Alphavirus-Resistant Fish

Tech ID: T-018625

Background: Aquaculture is the most resource-efficient method to produce protein, improve nutrition, and food security and is vital for supporting seafood production. The Food and Agriculture Organization of the United Nations estimates over 50% of all global seafood for human consumption is produced from aquaculture and has been increasing an average of 3.3% per year. Aquaculture safeguarding is necessary to ward off infection that can be deleterious to fish survival and growth. Atlantic salmon, the primary species for marine finfish aquaculture, and Trout, the third species for freshwater aquaculture, are both susceptible to alphavirus infection. Alphavirus infection can result in 70-100% infection, leading to 10 to 50% mortality with 15% of the remainder becoming runts from alphavirus induced Salmon Pancreas Disease or Sleeping Disease Syndrome (Figure 1). Significant fish deaths and diseases need to be reported and quarantine measures taken as alphavirus infection can have widespread and detrimental effects on the industry.

Figure 1. Growth impacted by Salmon Pancreas Disease (The Fish Site)

Technology Description: Scientists at Washington University School of Medicine have identified a mode of alphavirus entry in salmon and trout. A novel cell adhesion receptor, Mxra8, acts as an entry mediator facilitating alphavirus infection.

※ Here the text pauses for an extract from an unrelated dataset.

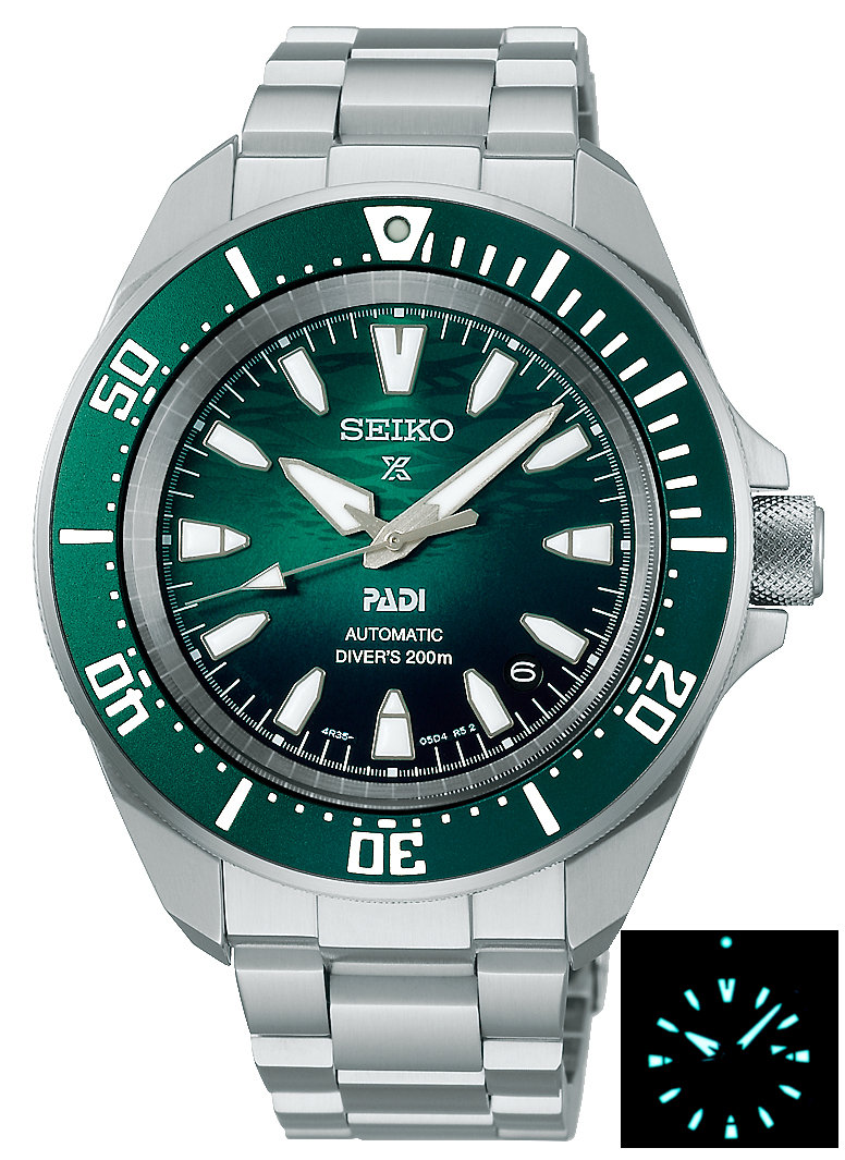 SEIKO PROSPEX New Samurai PADI Diver's 200M Automatic SRPL53K1 Specifications - Caliber: 4R35 Automatic winding type with manual winding mechanism 23 Jewels Made in Japan A window at the 4.5 o'clock hour reveals the automatic day calendar. Metal: Stainless steel Size: Diameter: 41.7mm Thickness: 12.3mm Weight: 170g Band: Stainless steel Three-fold clasp with secure lock , push button release with extender Water resistance: 200 meters/ 20 bars Glass: Hardlex crystal Dial: Green Three years International warranty

A knockout Mxra8 allele was generated with CRISPR/Cas9 gene editing, in addition to Mxra8 mutant alleles. By editing the expression of Mxra8, alphavirus infection can be attenuated in salmon and trout.

Key Advantages:

  • Limits alphavirus infection
  • Improves aquatic animal health
  • Reduces revenue loss

Patent: Pending

Lead Inventor: Michael S. Diamond, MD, PhD (Department of Internal Medicine) and Rong Zhang, PhD at Washington University School of Medicine in St. Louis.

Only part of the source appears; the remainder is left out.